What is required —
Your answer is to be the exact text of the lines from the one containing "준비물은 고운 모래, 세필, 목공용 접착제 입니다." through the final line of the entries, restated in full, with pictures omitted.

··· Provided data ···

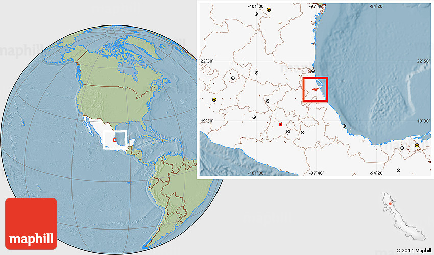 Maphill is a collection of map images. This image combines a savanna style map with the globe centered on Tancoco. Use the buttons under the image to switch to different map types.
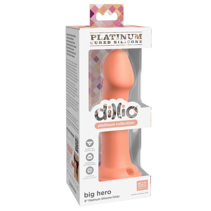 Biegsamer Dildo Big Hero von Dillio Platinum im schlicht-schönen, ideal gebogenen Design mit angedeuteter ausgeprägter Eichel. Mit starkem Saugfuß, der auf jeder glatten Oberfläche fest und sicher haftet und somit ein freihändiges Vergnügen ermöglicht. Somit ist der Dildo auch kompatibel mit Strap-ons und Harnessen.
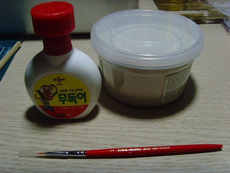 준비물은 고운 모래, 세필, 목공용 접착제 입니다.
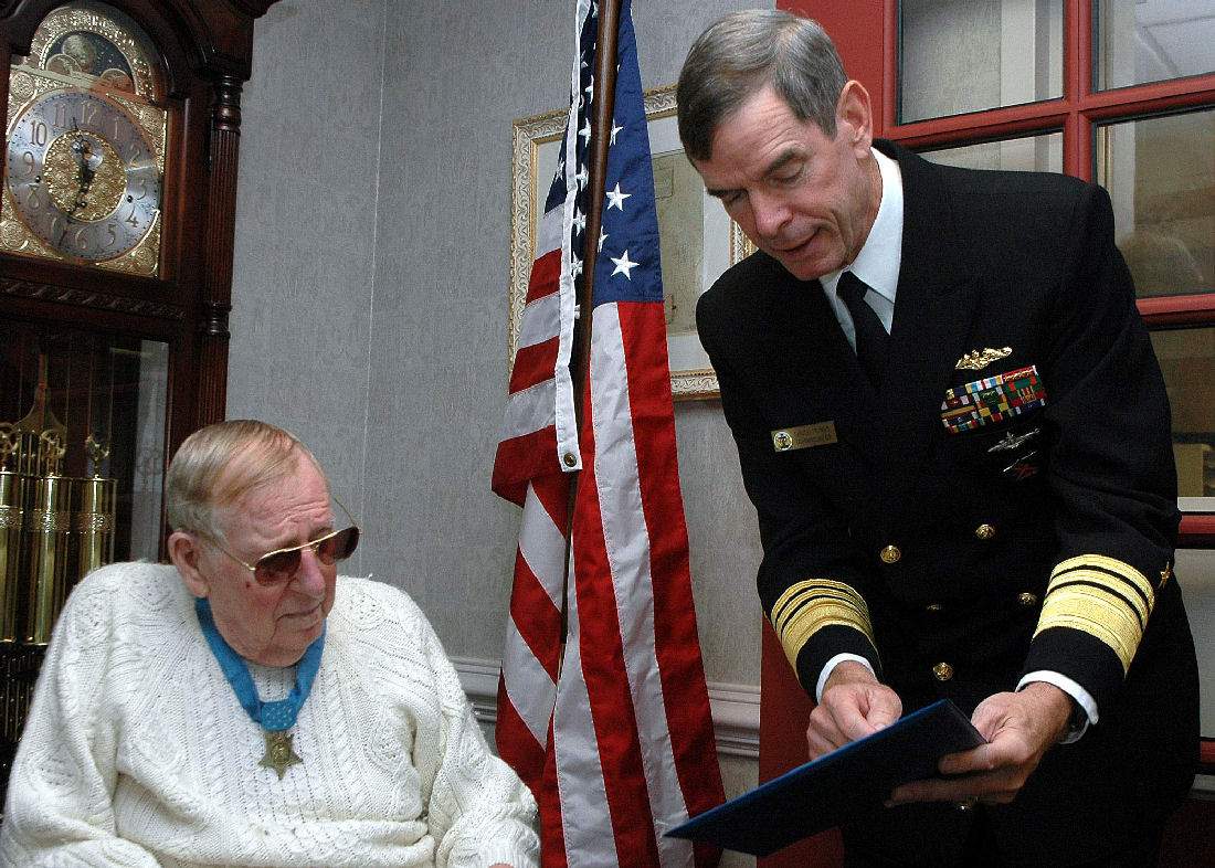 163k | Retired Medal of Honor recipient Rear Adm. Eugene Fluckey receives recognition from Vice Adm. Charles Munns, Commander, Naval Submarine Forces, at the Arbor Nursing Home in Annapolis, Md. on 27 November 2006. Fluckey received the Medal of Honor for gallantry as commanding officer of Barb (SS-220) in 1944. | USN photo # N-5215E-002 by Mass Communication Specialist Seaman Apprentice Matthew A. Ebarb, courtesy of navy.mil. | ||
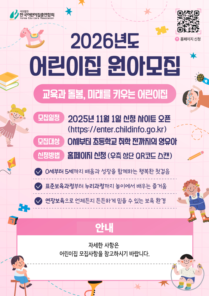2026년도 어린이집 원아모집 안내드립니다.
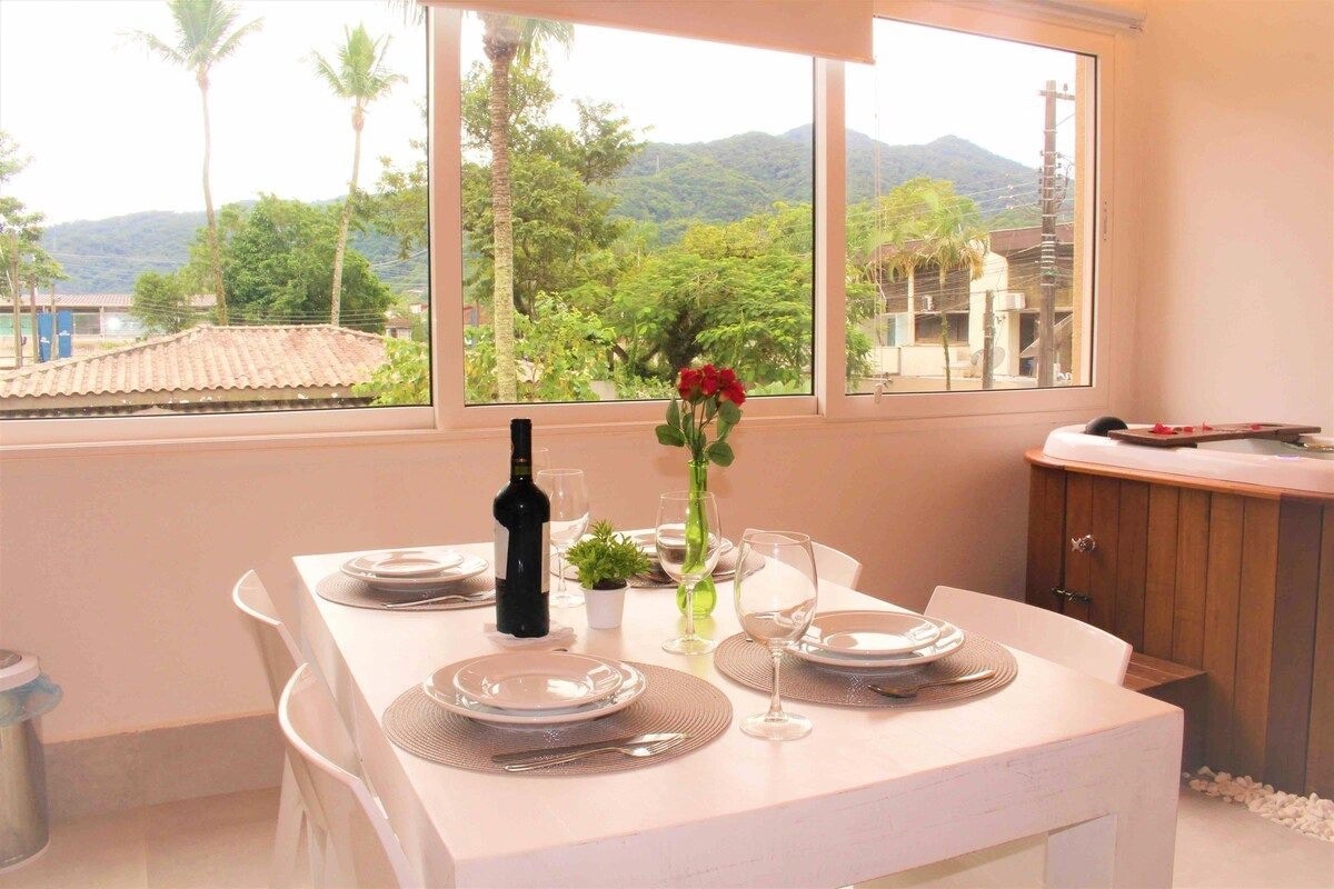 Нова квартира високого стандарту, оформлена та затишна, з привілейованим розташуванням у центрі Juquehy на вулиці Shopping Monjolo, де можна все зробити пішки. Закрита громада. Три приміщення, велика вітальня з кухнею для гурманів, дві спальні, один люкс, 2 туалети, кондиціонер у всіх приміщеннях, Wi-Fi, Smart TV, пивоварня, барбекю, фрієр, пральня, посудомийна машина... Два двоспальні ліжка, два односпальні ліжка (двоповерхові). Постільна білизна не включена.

···

Solution to the exercise —
 준비물은 고운 모래, 세필, 목공용 접착제 입니다.
 163k | Retired Medal of Honor recipient Rear Adm. Eugene Fluckey receives recognition from Vice Adm. Charles Munns, Commander, Naval Submarine Forces, at the Arbor Nursing Home in Annapolis, Md. on 27 November 2006. Fluckey received the Medal of Honor for gallantry as commanding officer of Barb (SS-220) in 1944. | USN photo # N-5215E-002 by Mass Communication Specialist Seaman Apprentice Matthew A. Ebarb, courtesy of navy.mil. | ||
2026년도 어린이집 원아모집 안내드립니다.
 Нова квартира високого стандарту, оформлена та затишна, з привілейованим розташуванням у центрі Juquehy на вулиці Shopping Monjolo, де можна все зробити пішки. Закрита громада. Три приміщення, велика вітальня з кухнею для гурманів, дві спальні, один люкс, 2 туалети, кондиціонер у всіх приміщеннях, Wi-Fi, Smart TV, пивоварня, барбекю, фрієр, пральня, посудомийна машина... Два двоспальні ліжка, два односпальні ліжка (двоповерхові). Постільна білизна не включена.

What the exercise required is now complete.